In this example, the parent node is intersecting the frustum at Plane 2. During hierarchical view frustum culling, the children check only this plane.

**Parent node outside:**

In this example, the parent node is completely outside the frustum so its children are not checked.

```
// frustum: defined as a list of clipping planes.
// bvh: can be tested against a plane (outside, inside, or intersecting).
void traverse(frustum, bvh) {
bool fullyContained = true;
for (plane in frustum.planes) {
if (bvh root bound is OUTSIDE plane) {
// This entire subtree is removed by this plane
return;
} else if (bvh root bound is INTERSECTING plane) {
// The subtree intersects this plane, so it
// isn't fully contained.
fullyContained = false;
}
}
if (fullyContained) {
// The node is fully contained, so its descendants are all fully contained.
bvh.drawWithAllDescendants();
} else {
// Need to recurse to determine what is contained
for (subtree in bvh.children) {
traverse(frustum, subtree);
}
}
}
```

**Hierarchical Culling with Plane Masking**

```
// frustum: defined as a list of clipping planes.
// bvh: can be tested against a plane (outside, inside, or intersecting).
void traverse(frustum, bvh) {
bool mask = [true] * frustum.planes.length;
traverseMasked(frustum, bvh, mask.clone());
}
// mask: mask[planeIndex] is true iff the node _might_ intersect that plane.
// (False means the node is _definitely_ inside a plane.)
// In practice, this is implemented with a bit mask (int32).
void traverseMasked(frustum, bvh, mask) {
for (planeIndex, plane in frustum.planes) {
if (bvh root bound is OUTSIDE plane) {
// This entire subtree is removed by this plane
return;
} else if (bvh root bound is INSIDE plane) {
// The subtree definitely will never intersect this plane,
// so it will never need to be checked again.
mask[planeIndex] = false;
}
}
if (mask.allFalse) {
// The node is fully contained, since it is inside every plane.
bvh.drawWithAllDescendants();
} else {
// Need to recurse to determine what is contained.
for (subtree in bvh.children) {
traverseMasked(frustum, subtree, mask.clone());
}
}
}
```

**Results**

To see the performance gains of plane masking, we profiled our selectTiles function, which traverses a BVH and selects nodes for rendering based on view frustum culling and level of detail (LOD). Using the JavaScript profiler, selectTiles sees speedups of around 15% in Chrome and 20-34% in Firefox Nightly.

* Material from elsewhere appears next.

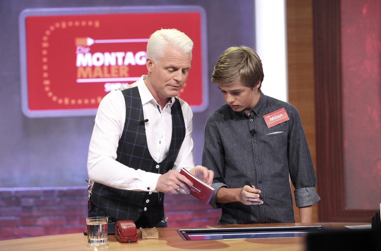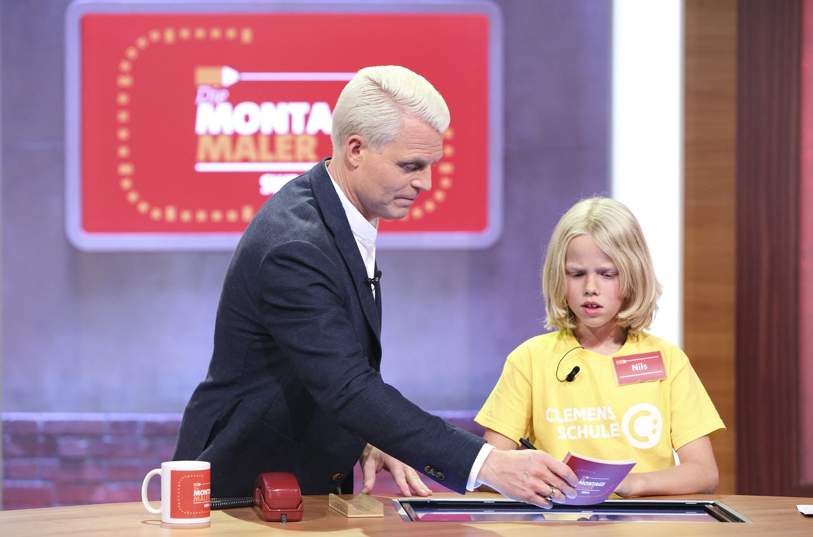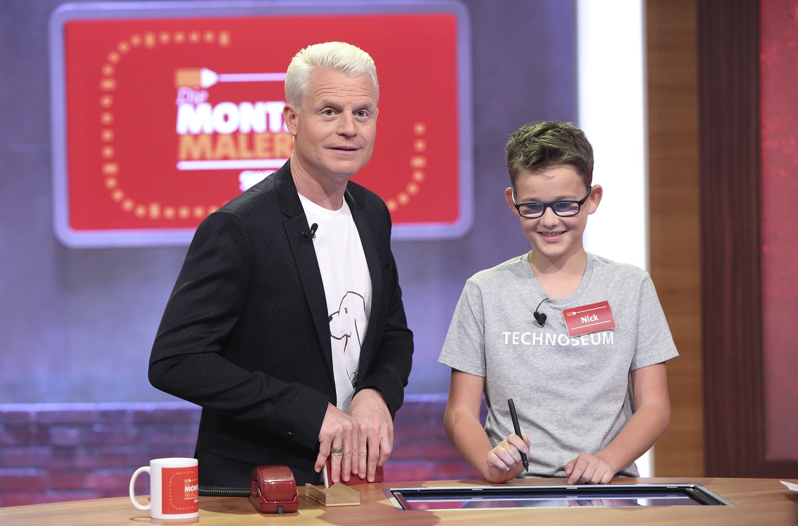 Reden & Singen - Bewegen & SpringenIn jeder Sendung tritt ein Team von vier Prominenten gegen acht Kandidaten aus dem Südwesten an – vier Kinder und vier Erwachsene. Und wieder dreht sich alles um die Frage: Wer malt und rät am besten? v.li.: Guido Cantz mit Nils Schnörringer.Bild: © SWR/Bavaria/Frank Hempel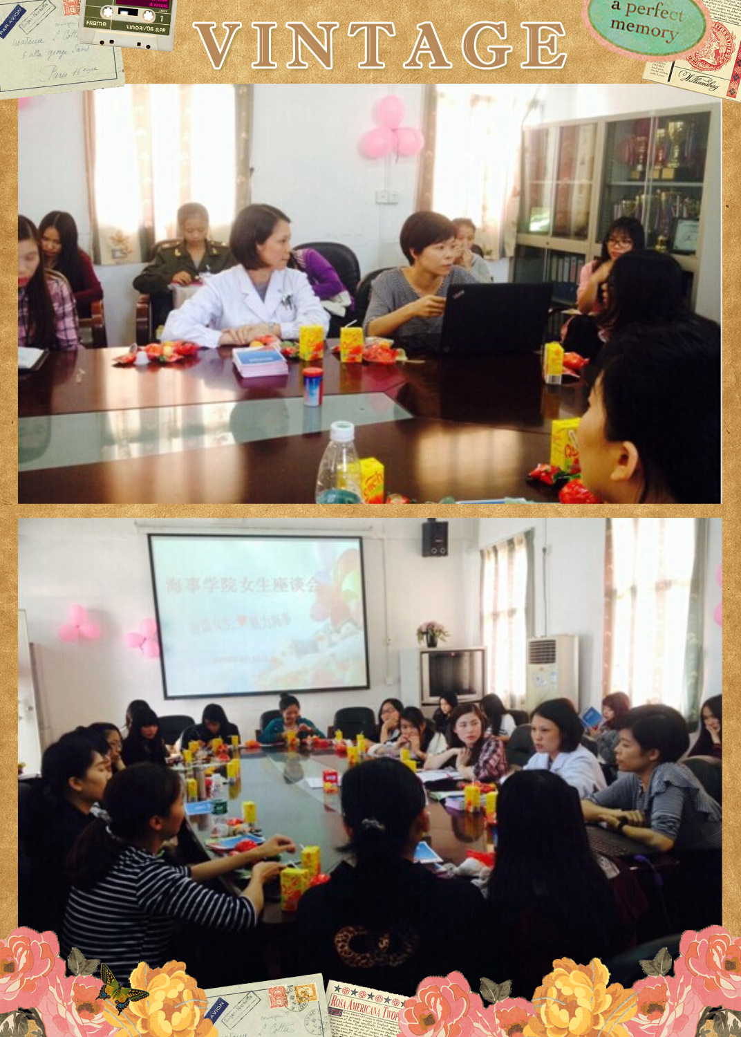 402会议室此时被装点的温馨、美丽,还有饮料水果让人倍感温馨。座谈伊始,刘书记告诉大家此次座谈会是为了帮助女同学们解决情感、心身问题,让女生们更好地融入到海事学院这个温暖的大家庭中,很多女生都频频点头,座谈会中的表现也更加积极。社区医院的曾敏娴医生则为我们讲述了关于登革热的传染源以及预防方法。到了自由发言环节,女生们边吃零食边提问一些关于自身或闺蜜的疑问,社区医院的刘芸医生也以丰富的医学知识为同学们一一解答,踊跃的提问与及时的回答使得现场的气氛非常的轻松愉悦。

These results were captured at steady state in a 1920x1080 viewport, with the globe turned off to reduce profiling noise.

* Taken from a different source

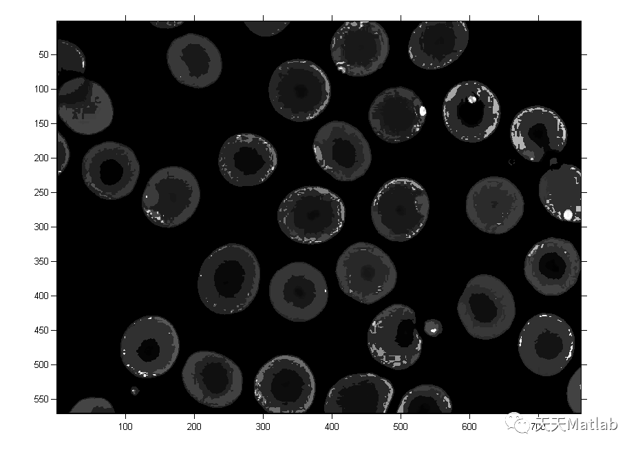 function J = My_RegionGrowing(I, init_pos, reg_maxdist)[row, col] = size(I); % 输入图像的维数J = zeros(row, col); % 输出x0 = init_pos(1); % 初始点y0 = init_pos(2);reg_mean = I(x0, y0); % 生长起始点灰度值J(x0, y0) = 1; % 生长起始点设置为白色reg_sum = reg_mean; % 符合生长条件的灰度值总和reg_num = 1; % 符合生长条件的点的个数count = 1; % 每次判断周围八个点中符合条件的数目reg_choose = zeros(row*col, 2); % 记录已选择点的坐标reg_choose(reg_num, :) = init_pos;num = 1; % 第一个点while count > 0s_temp = 0; % 周围八个点中符合条件的点的灰度值总和count = 0;for k = 1 : num % 对新增的每个点遍历,避免重复i = reg_choose(reg_num - num + k, 1);j = reg_choose(reg_num - num +k, 2);if J(i, j) == 1 && i > 1 && i < row && j > 1 && j < col % 已确定且不是边界上的点% 八邻域for u = -1 : 1for v = -1 : 1% 未处理且满足生长条件的点if J(i + u, j + v) == 0 && abs(I(i + u, j + v) - reg_mean) <= reg_maxdistJ(i + u, j + v) = 1; % 对应点设置为白色count = count + 1;reg_choose(reg_num + count, :) = [i + u, j + v];s_temp = s_temp + I(i + u, j + v); % 灰度值存入s_temp中endendendendendnum = count; % 新增的点reg_num = reg_num + count; % 区域内总点数reg_sum = reg_sum + s_temp; % 区域内总灰度值reg_mean = reg_sum / reg_num; % 区域灰度平均值end

### Washington, DC buildings

Percentage of Total CPU Time within selectTiles | Chrome 43 | Firefox Nightly 42.0a1 |
---|---|---|

Without plane masking | 8.70% | 0.87% |

With plane masking | 7.68% | 0.65% |

speedup | 15% | 34% |

```
viewer.scene.globe = undefined;
viewer.camera.setView({
position : Cesium.Cartesian3.fromDegrees(
-77.04004663620222, 38.889234150474174, 540.0498030854308),
heading : Cesium.Math.toRadians(33.58734678346582),
pitch : Cesium.Math.toRadians(-32.33726064420708),
roll : Cesium.Math.toRadians(0.12325983351023434)
});
```

Percentage of Total CPU Time within selectTiles | Chrome 43 | Firefox Nightly 42.0a1 |
---|---|---|

Without plane masking | 6.55% | 0.60% |

With plane masking | 5.83% | 0.50% |

speedup | 13% | 20% |

```
viewer.scene.globe = undefined;
viewer.camera.setView({
position : Cesium.Cartesian3.fromDegrees(
-71.09781914618496, 42.361741066001535, 193.97270561145885),
heading : Cesium.Math.toRadians(306.33076014819653),
pitch : Cesium.Math.toRadians(-26.284861607374907),
roll : Cesium.Math.toRadians(359.8277222802287)
});
```

**Footnotes**

- Speedup is calculated in a way that eliminates factors outside of selectTiles, such as the removal of the globe rendering: for two profile percentages, the speedup is (1/x2 - 1) / (1/x1 - 1) - 1
- The difference in magnitude between Chrome and Firefox is because Firefox includes a "Graphics" component in its profiling results (~85%), while Chrome does not.
- Firefox Nightly was used for its newly improved profiling tools.